* _What is being asked_
Pictures are to be left out; every line from the one with "2025/26 NC State" through the end of the data must be transcribed exactly.

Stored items
==============================

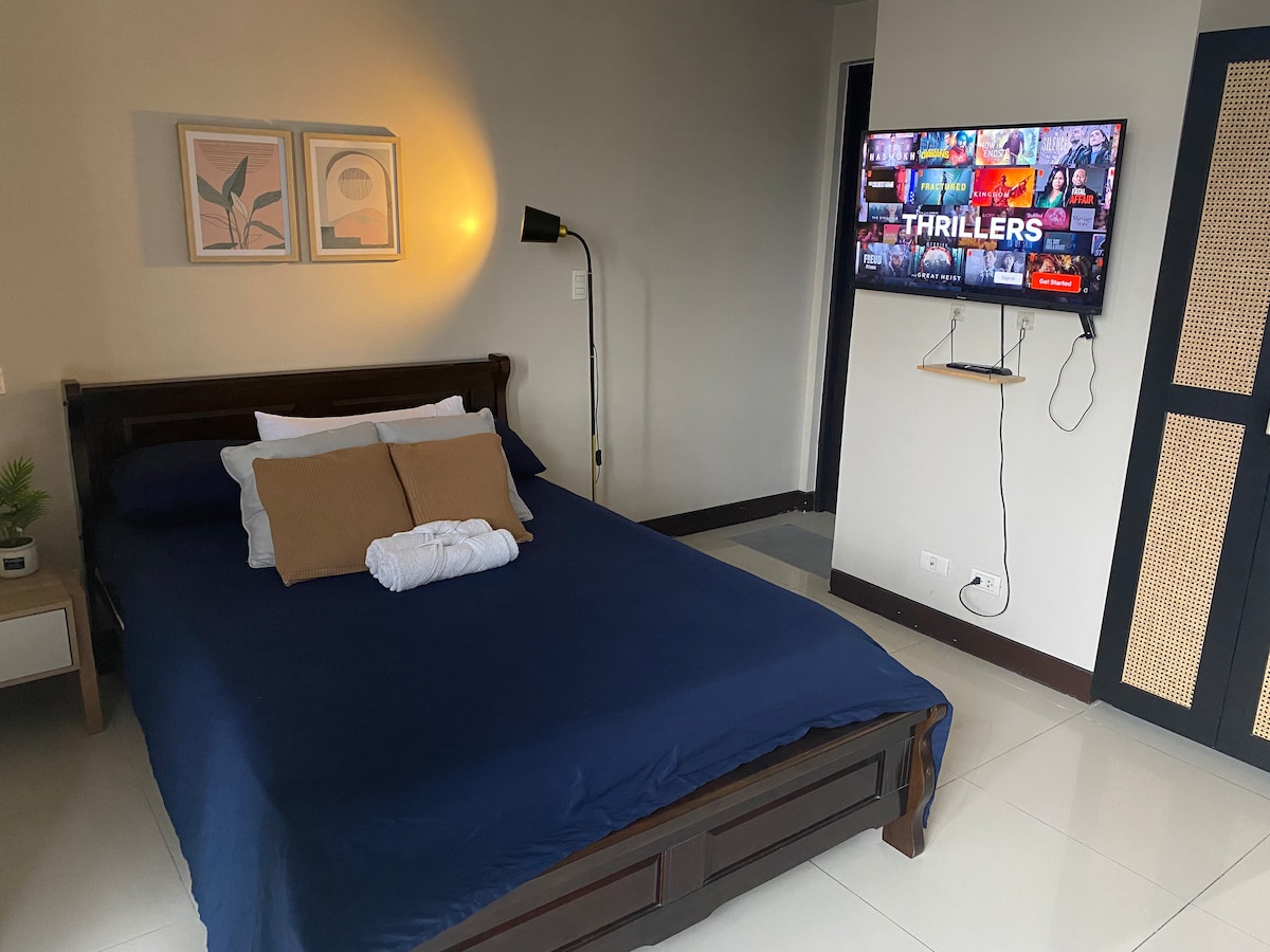 Luxurious 1 Bedroom unit. Walking distance to malls, 24hrs convenience stores, restaurants, groceries, and Lively Nightlife. ♛ 55" 4k UHD TV + A/C + Workspace ♛ Nintendo Switch for more fun! ♛ Netflix, Disney+, and Youtube access ♛ 400mbps upload and download speed! ♛ Board games are provided if you wanna have fun with friends! ♛ fresh towels, and essentials provided ♛ Kitchenwares, cooking appliances, Microwave ♛ Coffee Machines ♛ Steam Iron, Hairdryer and Water Heater
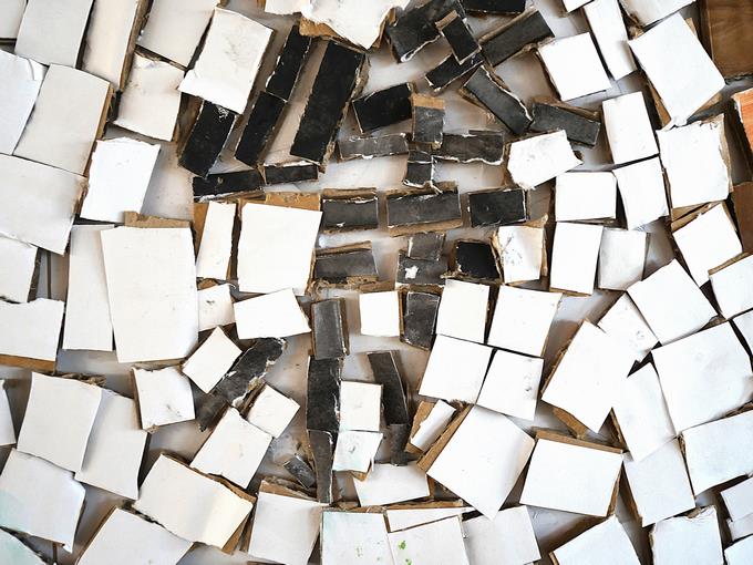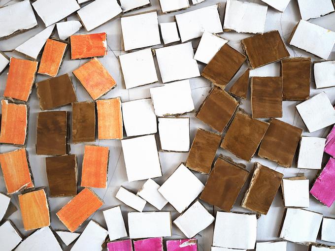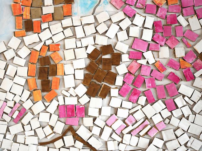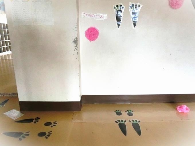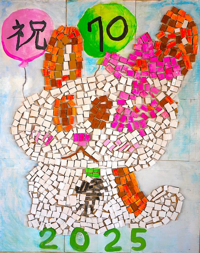 昇降口に6年生の峰っ子たちが制作してくれた創立70周年記念の「峰うさモザイク・アート」が展示してあります。
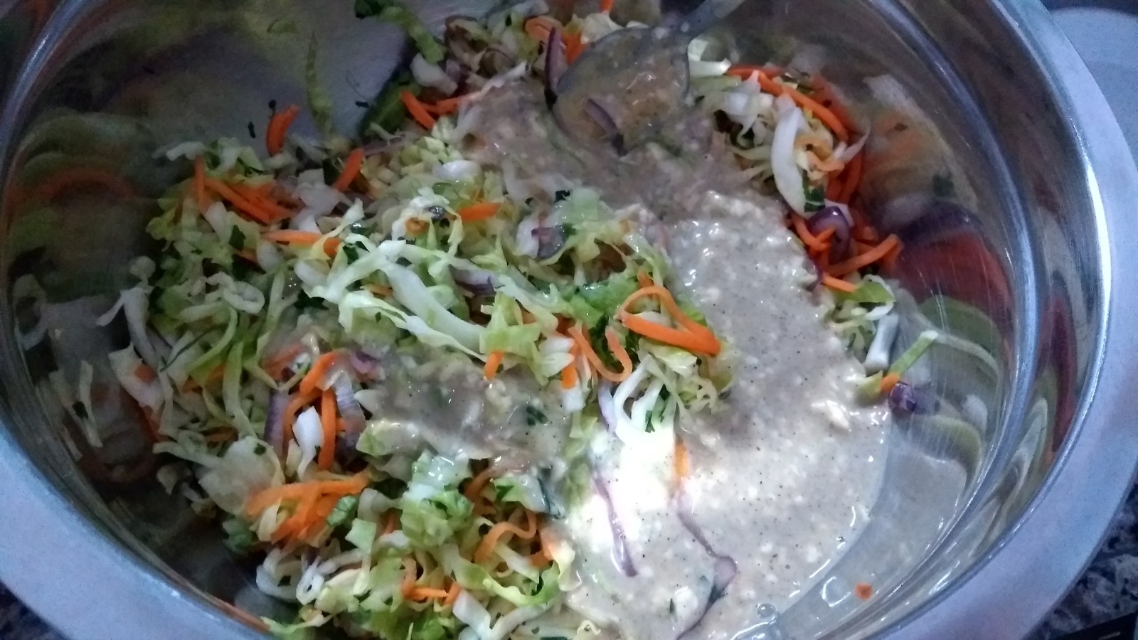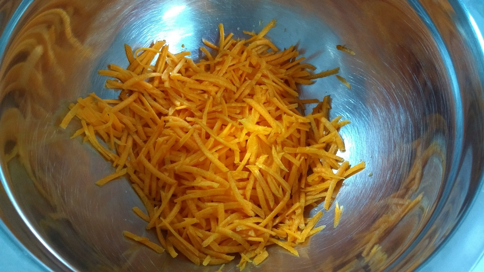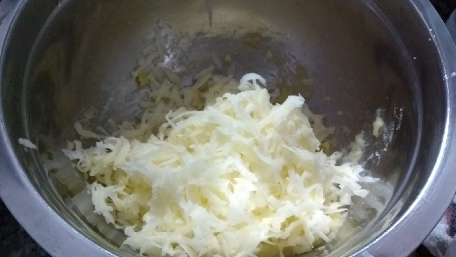 3- Rale as duas batatas restantes com um ralador ou mandolin no recipiente com água e limão (O suco de limão vai prevenir que a batata escureça).
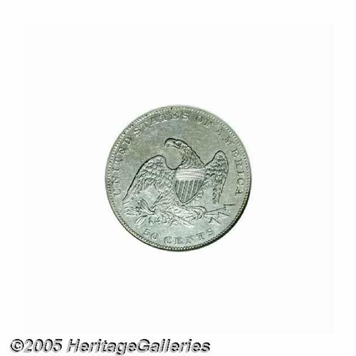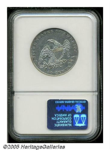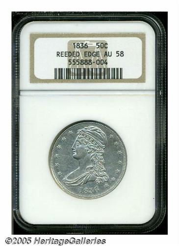 <B>1836<50C> Reeded Edge AU58 NGC.</B></I> Multiple offerings of this first year issue in no way lessen its rarity and historical importance as the initial Half Dollar produced from the Mint's (then) state-of-the-art steam presses. This example shows just a trace of wear over bright, untoned surfaces that still retain bright, semi-reflective tendencies.
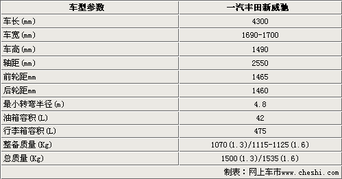 一汽豐田的A0級小車威馳,被豐田汽車公司稱為是“專門為中國設計的全新車型”。豐田新威馳于08年正式推出,主要目標消費群體為80后的年輕人,其“生而簡酷”的特性已在年輕人群中引起極大反響。近日我們從豐田內(nèi)部人士處獲悉到,豐田威馳即將小改款,同時我們在第一時間得到改款后新威馳的圖片和車型參數(shù)。新款威馳在外形設計上將更加硬朗,與家族老大哥凱美瑞有幾分相似,在舒適配置上也會更加豐富,在車身尺寸和動力系統(tǒng)方面與目前銷售車型相同。
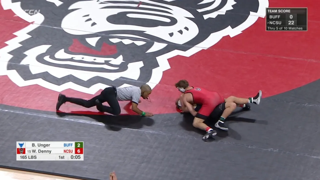 2025/26 NC State vs Buffalo wrestling dual 165lbs #15 Will Denny (NCST) fall Brady Unger (BUFF) I do not own this video, all credit/rights to ESPN/ACC
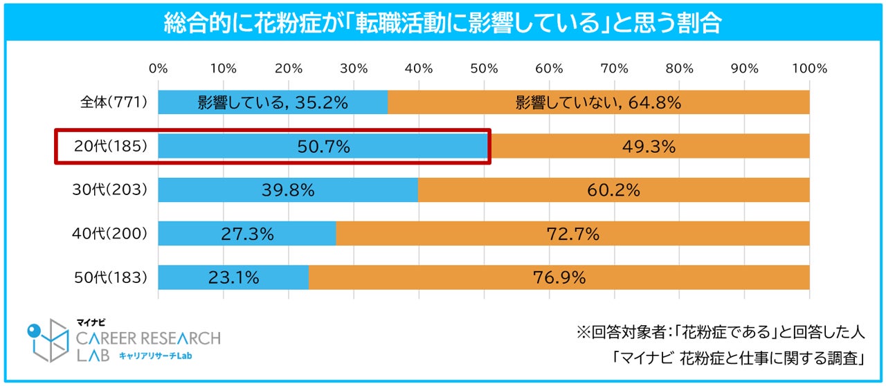自身が「花粉症である」と答えた人のうち、「花粉症が転職活動に影響している」と感じている人は35.2%となった。年代別に見ると、20代は50.7%となり、花粉症の転職への影響は年代が低いほど高い傾向にある。【図3】

==============================

* _Answer for the task_
 2025/26 NC State vs Buffalo wrestling dual 165lbs #15 Will Denny (NCST) fall Brady Unger (BUFF) I do not own this video, all credit/rights to ESPN/ACC
自身が「花粉症である」と答えた人のうち、「花粉症が転職活動に影響している」と感じている人は35.2%となった。年代別に見ると、20代は50.7%となり、花粉症の転職への影響は年代が低いほど高い傾向にある。【図3】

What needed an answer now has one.